For the records below, output word for word the lines from the one with "The authors test" up to and including the one with "recepce / velká". No pictures.

_Input records:_
☆ ☆ ☆ ☆ ☆

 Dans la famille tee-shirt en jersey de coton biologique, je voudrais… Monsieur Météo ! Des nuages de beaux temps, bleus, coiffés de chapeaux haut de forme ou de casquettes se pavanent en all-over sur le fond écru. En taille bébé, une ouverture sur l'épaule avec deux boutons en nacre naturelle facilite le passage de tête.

☆ ☆ ☆ ☆ ☆

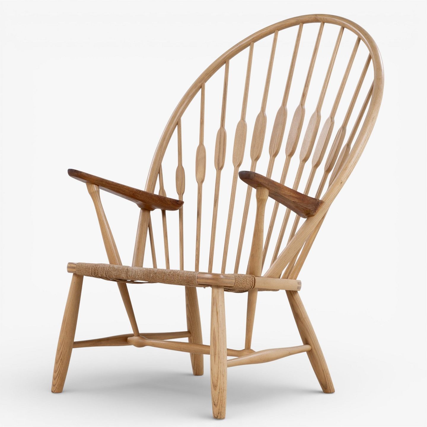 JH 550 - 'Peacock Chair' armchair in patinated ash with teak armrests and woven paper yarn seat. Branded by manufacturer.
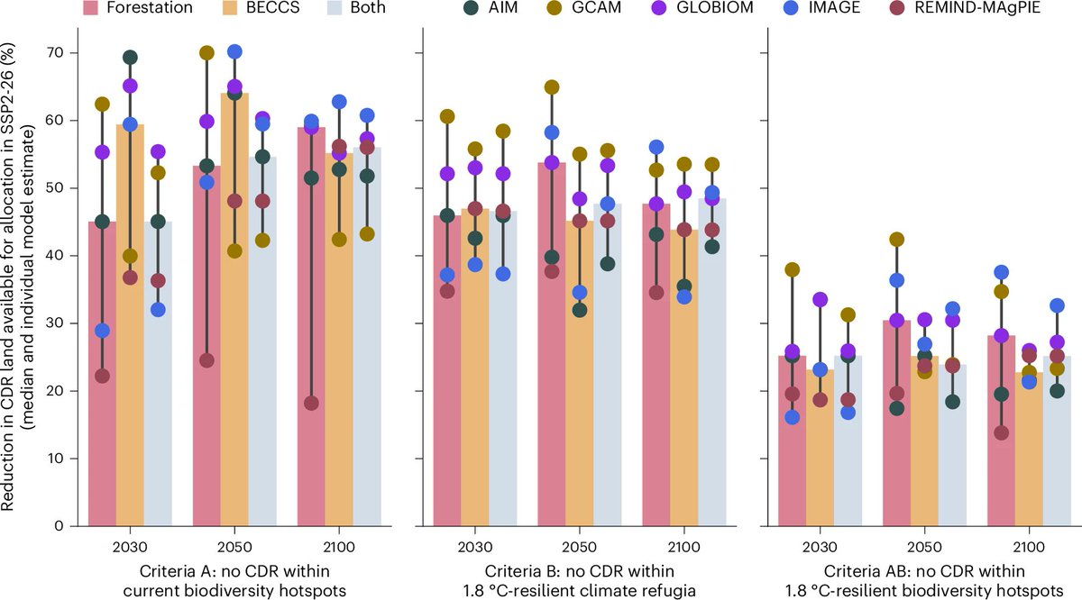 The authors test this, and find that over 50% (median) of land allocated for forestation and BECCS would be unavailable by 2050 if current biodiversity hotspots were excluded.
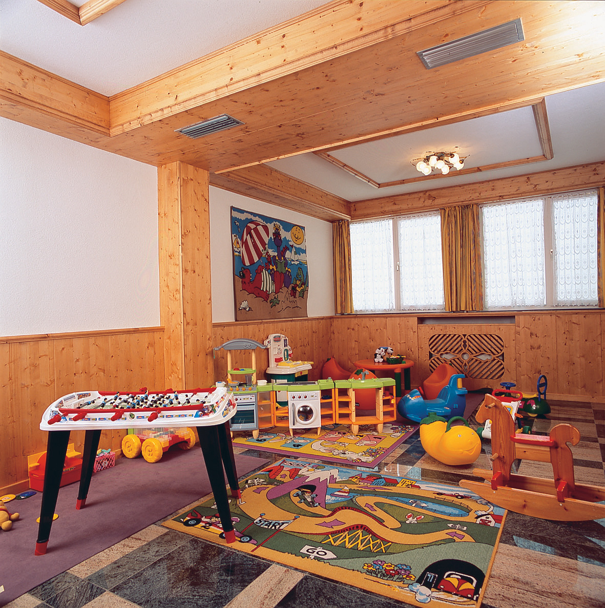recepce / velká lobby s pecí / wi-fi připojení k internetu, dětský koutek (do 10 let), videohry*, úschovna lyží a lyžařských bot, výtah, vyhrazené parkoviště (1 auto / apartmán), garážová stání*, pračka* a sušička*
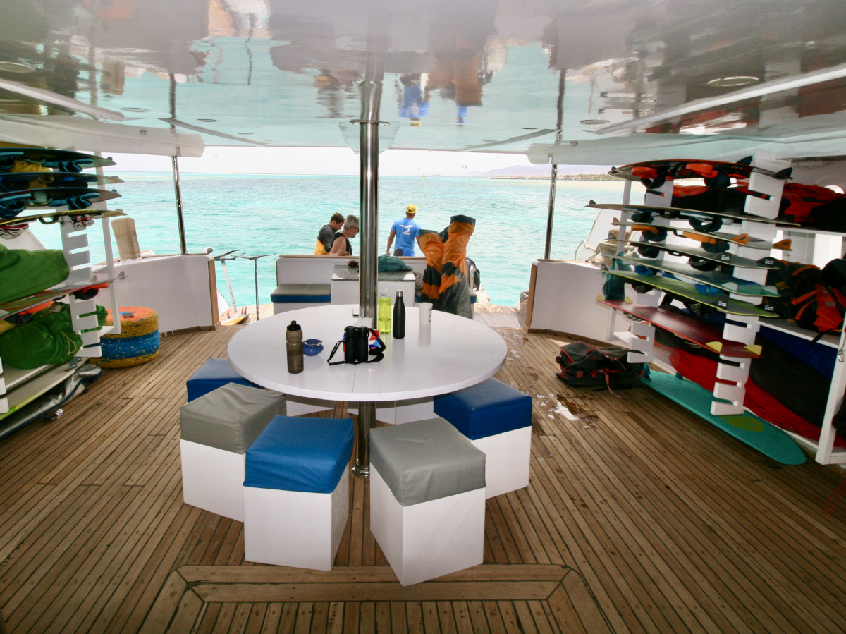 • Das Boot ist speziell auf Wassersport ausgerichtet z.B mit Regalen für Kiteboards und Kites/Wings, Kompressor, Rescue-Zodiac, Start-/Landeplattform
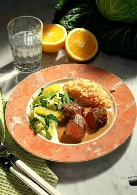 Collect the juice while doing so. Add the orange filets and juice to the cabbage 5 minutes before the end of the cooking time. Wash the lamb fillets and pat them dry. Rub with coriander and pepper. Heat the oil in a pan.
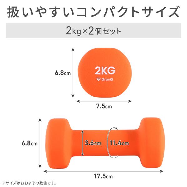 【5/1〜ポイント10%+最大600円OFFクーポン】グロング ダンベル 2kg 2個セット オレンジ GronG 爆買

☆ ☆ ☆ ☆ ☆

_Finished exercise:_
 The authors test this, and find that over 50% (median) of land allocated for forestation and BECCS would be unavailable by 2050 if current biodiversity hotspots were excluded.
recepce / velká lobby s pecí / wi-fi připojení k internetu, dětský koutek (do 10 let), videohry*, úschovna lyží a lyžařských bot, výtah, vyhrazené parkoviště (1 auto / apartmán), garážová stání*, pračka* a sušička*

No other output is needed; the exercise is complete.